As to the change of an input (box 422), such changes can be identified as compute changes (box 426A) or system changes (box 428A), and may be addressed differently depending on such identification. A compute change (box 426A) involves changes of actual or expected compute load on a system. For example, using dimensionless numbers for simplicity, a normal steady-state for a particular data center may be 100, with jobs that need to be performed immediately such as search queries or streaming video, jobs that can be delayed slightly and vary over time but by a small and generally predictable amount such as email and other asynchronous communications, and related overhead for such compute load. A monitor may identify that such activity has increased by almost 20, is fairly steady, and is trending upward—above what the model had predicted, but in a shape consistent with other daily activity for such load. Or a sub-system may submit a request for additional compute at a level of 20 that is expected take an hour to perform. In either case, this compute change will need to be addressed by the mechanical and electrical systems. Alternatively, a system change (box 428A) may be any sensed change that is not a compute change, and may include a change in ambient temperature that does not match an expected change over time that the system is currently operating under. Or it may be an indication that a BESS is low, or that a piece of cooling equipment has failed.

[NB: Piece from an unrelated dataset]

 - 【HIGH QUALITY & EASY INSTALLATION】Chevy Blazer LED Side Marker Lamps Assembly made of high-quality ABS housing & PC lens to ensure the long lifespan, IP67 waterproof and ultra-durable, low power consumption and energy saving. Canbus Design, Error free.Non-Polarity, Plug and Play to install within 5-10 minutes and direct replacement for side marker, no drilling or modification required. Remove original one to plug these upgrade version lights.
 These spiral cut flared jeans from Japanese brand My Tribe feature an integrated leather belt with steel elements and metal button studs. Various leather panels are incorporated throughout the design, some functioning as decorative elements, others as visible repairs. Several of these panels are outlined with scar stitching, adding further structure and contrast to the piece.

In response to identifying any such changes, the system may recompute and rebalance the mechanical and electrical systems to counter the changes, as shown at Boxes 426B and 428B. For example, at Box 426B, the process determines a level of mechanical load (e.g., heat) that will be generated by the new compute load (which could be higher or lower than the load the system had previously assumed for the same time period), and also a level of electrical load from the compute load (to run the computers) and the new mechanical load (to run the other equipment). At Box 428B, the system identifies adjustments to be made to address the sensed change in the system, such as looking to a model that correlates, inter alia and in the case of a change in ambient temperature, ambient weather conditions and compute loads to heat loads generated in the data center. The system may then send commands to particular devices or sub-systems so as to implement those changes. And although not shown, the process may loop back to the beginning to continue obtaining sensed measurements for the system operation, and then make future changes periodically and/or in response to particular notifications from the system.

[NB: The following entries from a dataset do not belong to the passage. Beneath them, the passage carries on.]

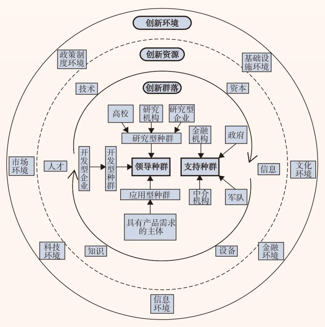 创新生态系统是多个创新主体之间基于某些技术、人才、市场、运作模式、文化等共同创新要素而形成的,相互依赖、共生共赢,并且具有一定稳定性、独立性的组织体系。本文认为区域军民科技协同创新生态系统是在党和国家的统一领导下,特定区域内的各类微观主体发挥区域军民科技协同创新的比较优势,整合区域资源力量,优化区域资源配置,为实现区域军民科技协同创新而形成的相互合作、相互依存、风险共担、利益共享的组织体系。
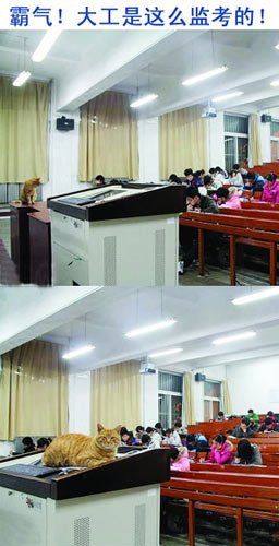 “监考猫”霸气监考 昨天,微博上一只小黄猫火了。网友李中冶上传了一只在讲桌上监考的小猫,教室里是在奋力做题的学生们。“霸气,大连理工大学是这样监考的!”网友们奔走相告,对这只充满了喜感的监考猫爱意有加,称呼它为“麦格教授”,麦格教授是《哈利·波特》中的一位主人公,她的变形状态是一只虎斑猫,在剧中,她戴的方形眼镜上的花纹就像是她变成猫时身上的花纹。 此监考猫在网上的迅速走红,让众多网友兴奋不已。大家在见到这只猫的第一眼时,立刻就被震惊了!此猫犀利的眼神,淡定的神态、怡然地在讲桌上行走的场景,总是让网友赞叹:“我一下子像是到了《哈利·波特》的场景里,期待着猫跳到半空中就变成麦格教授……”大家纷纷表示,这只猫绝对是《哈利·波特》里面的麦格教授,网友格芬兰多狮亲切地问:“麦格教授,你什么时候来的中国啊?” 然而,这只猫是在单独监考吗?这也引发了网友的怀疑:如果是考试,怎么同学们挨得那么近,不符合客观规律啊! 大家对于此猫的种种猜测,让人百思不得其解,当然“解铃还须系铃人”,记者联系到上传照片的大连理工大学学生李中冶。李中冶告诉记者,此猫确实是在考试现场,不过是在校学生会组织的一次四六级模拟考试的现场。“这只猫长年混迹于机械馆一楼的某一两个教室,已经很久了,从我来学校,学长和学姐们就说,这只猫早在他们来之前就已经存在了。”李中冶说,当天的四六级模拟考试没有监考老师,只有学生会的两个副部长在进行组织、监考工作,后来这只小猫来了,爬到桌子上,开始环顾四周,开始监考,很可爱。于是,他们便随手把它拍摄了下来。 据了解,这只猫被称为机械学院系猫,在全校都很出名,“基本上跟别人说起这只猫,大家都知道。”李中冶说,平常在上课或者上自习时,这只猫也经常出现,有时候它会在桌子上睡觉,同学们过来后,就来抚摸一下它的毛,捏捏它,它也很乖,一动不动。平时大家会带来各种东西喂它。
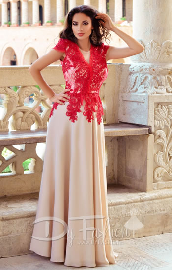 Alege la evenimente speciale aceasta superba rochie lunga eleganta de seara in nuante de rosu si bej. Este o rochie realizata din voal bej si dantela rosie ce pune in evidenta partea superioara a rochiei, avand decolteu adanc la spate si tull la bust.
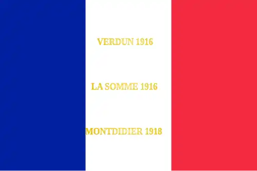 - ↑ Décision no 12350/SGA/DPMA/SHD/DAT du 14 septembre 2007 relative aux inscriptions de noms de batailles sur les drapeaux et étendards des corps de troupe de l'armée de terre, du service de santé des armées et du service des essences des armées, Bulletin officiel des armées, no 27, 9 novembre 2007
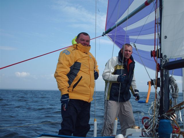 Liepos 6-a diena 15:37. Kairėje Rolandas, dešinėje - Algis. Algis - bocmanas. Jis laive palaiko tvarką ir gerai dirba ant bako - keičia bures, netingi spinakerį kilnoti. Žodžiu, žmogus norintis plaukti greitai ir nugalėti. P.S. Fone jau matosi Klaipėda.
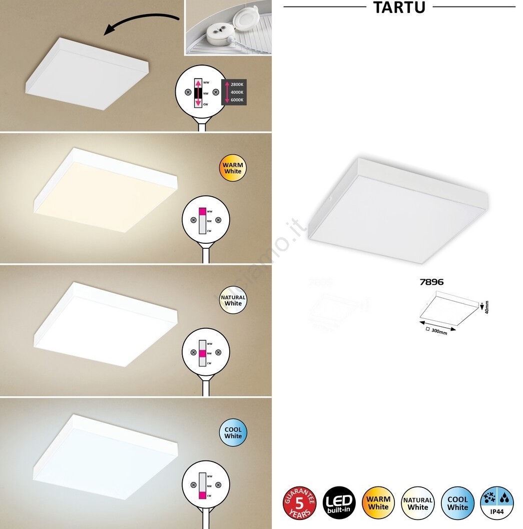 Rabalux - Plafoniera LED/24W/230V 2800-6000K IP44 bianca 30x30 cm

Such conversions and computations as indicated by boxes 426B and 428B may initially be performed using manufacturer data for devices or testing on individual devices (e.g., putting a fully-equipped motherboard in an enclosed test environment, feeding it controlled compute loads, and measuring the heat it generates at particular loads), and then multiplying such individual computations by the number of devices expected to be deployed. Such a simplified approach or other initial approach may then be modified and enhanced over time by training a learning system with actual data measured over time from the data center or particular defined parts of the data center as measured.
In this manner, components of a data center OS may operate with registered resources, such as computing, cooling, and electrical providing devices. The data center OS may be automatically adaptable in that it may respond to changes relevant inputs in the data center, and readily determine changes in controlled devices that will be needed to keep the data center operating stably and directed to desired goals, such as minimizing electrical costs, total operating costs, or carbon generation.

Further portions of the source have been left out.